Sports even felt different in Portland. Adam, to my delight, took me to a Timbers game, and there I gazed upon what looked to me like the nuclear core of Portland pride. That core would be located on the end of the window-and-door-manufacturer-sponsored stadium dominated by something called the Timbers Army. My interviewee Mike Russell, in his comic on the subject, describes them as the team’s “very large, very loud fan brigade.” The Timbers struggle — I get the sense that they bear an underdog reputation similar to that of Japanese baseball’s Hanshin Tigers, a team with an equally culturally revealing fanbase that I would pay dearly to watch play were I visiting Osaka in baseball season — but their Army’s enthusiasm never wanes. Up they show, clad in sometimes handmade Timbers gear and waving often handmade Timbers flags. The match ended in a 1-1 tie, but the home goal released, among other bursts of celebration, twin clouds of green smoke. This drew out many a camera phone, not slowest mine.

“KEEP PORTLAND WEIRD,” read occasional patches of inexplicably official-looking graffiti. But what, in Portland, counts as weird? I get the sense that visitors would readily stick that label on, say, a unicyclist rolling down the street in a Utilikilt and a Darth Vader helmet. You no doubt have a nontrivial chance of seeing such a sight on Portland avenues — I myself noticed more Utilikilts than I’ve seen in southern California, uh, ever — but Portland weird strikes me more as a variety of goofiness than deep strangeness. Los Angeles weird, as I soon remembered upon returning home, unsettles you. Go from the City of Roses to the City of Angels, and Utilikilt Vader becomes a middle-aged man who looks normal from a distance but upon closer inspection has a long-dry drool stain running down his shirt, no shoes, several missing toes, and a Bluetooth earpiece into which he yammers neither sanely nor quite insanely. (Take this one step further, and you get Mexico City weird.)

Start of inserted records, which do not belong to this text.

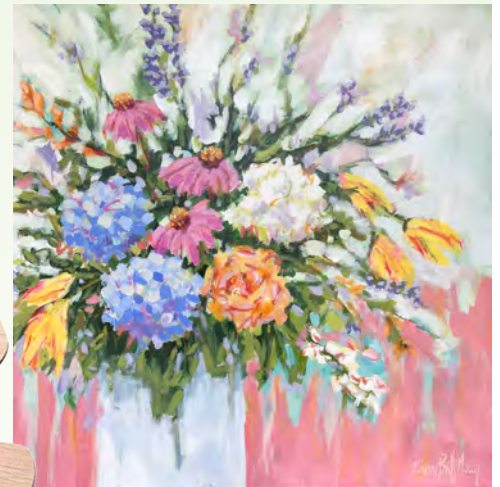
"Morning Bouquet" – $500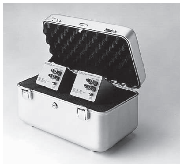
Optional 742A-7002 transit case

Fluke. Keeping your world up and running.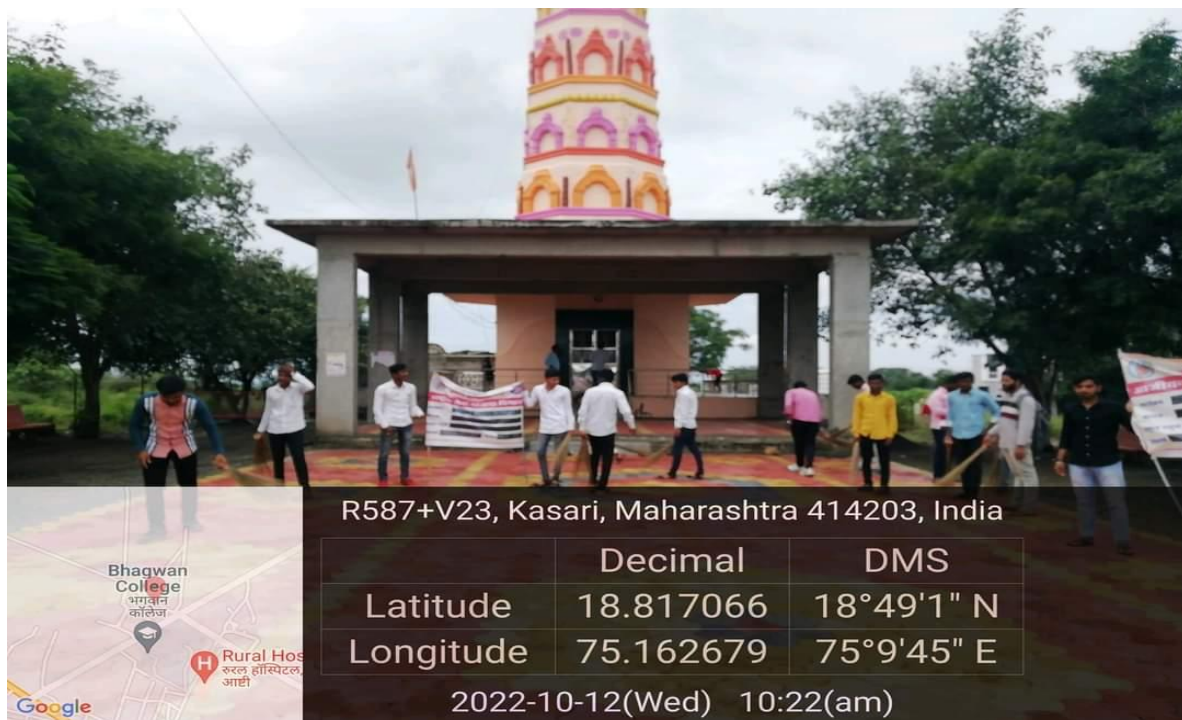
College students cleaning the temple premises of Lord Shankara in Dhanwade Vasti Ashti.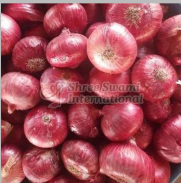
India Fresh Red Onion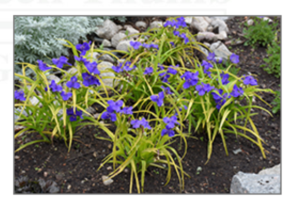
Sweet Kate Spiderwort in bloom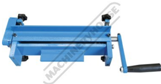
Bench or Vice Mount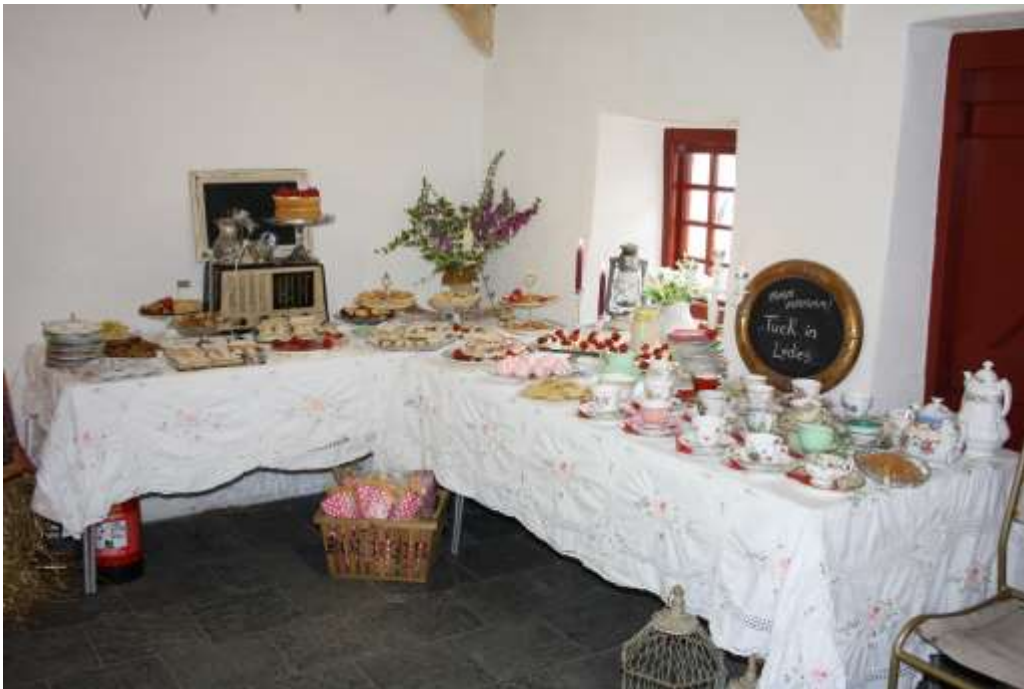
Quirk's Croft Interior

To enquire about hiring Quirk's Croft or any other Manx National Heritage venue please email: venuehire@mnh.gov.im .

Portland more than anywhere else makes me consider the question of whether a city’s strengths and weaknesses, its points of livability and unlivability, don’t just balance each other but emerge from each other. What you love about a city, in this framework, dictates what you hate about it, and vice versa. If Los Angeles fails at integrating its constituent parts into a coherent common culture, it therefore succeeds at avoiding letting those parts dissolve into homogeneity. (Hence, superior taquerías.) If Portland has succeeded in developing a distinctive yet user-friendly sensibility and avoiding the classic varieties of harsh urban strife, it may have also failed to cultivate an aesthetic and intellectual churn sufficiently exciting to flow over its UGB-defined borders. Not that it makes much sense to speak in this context of “success” and “failure”; were I feeling more Californian, I’d bust out the yin and the yang. I certainly didn’t come to Portland to proclaim that it’s got nothin’ on Los Angeles, although in many senses, it’s got nothin’ on Los Angeles. In equally many senses, though, Portland has everything on Los Angeles. I’ve already got my next visit booked three months from now, which speaks for itself. This time, I’m bringing my lady; someone‘s got to split these Black Tiger milkshakes with me.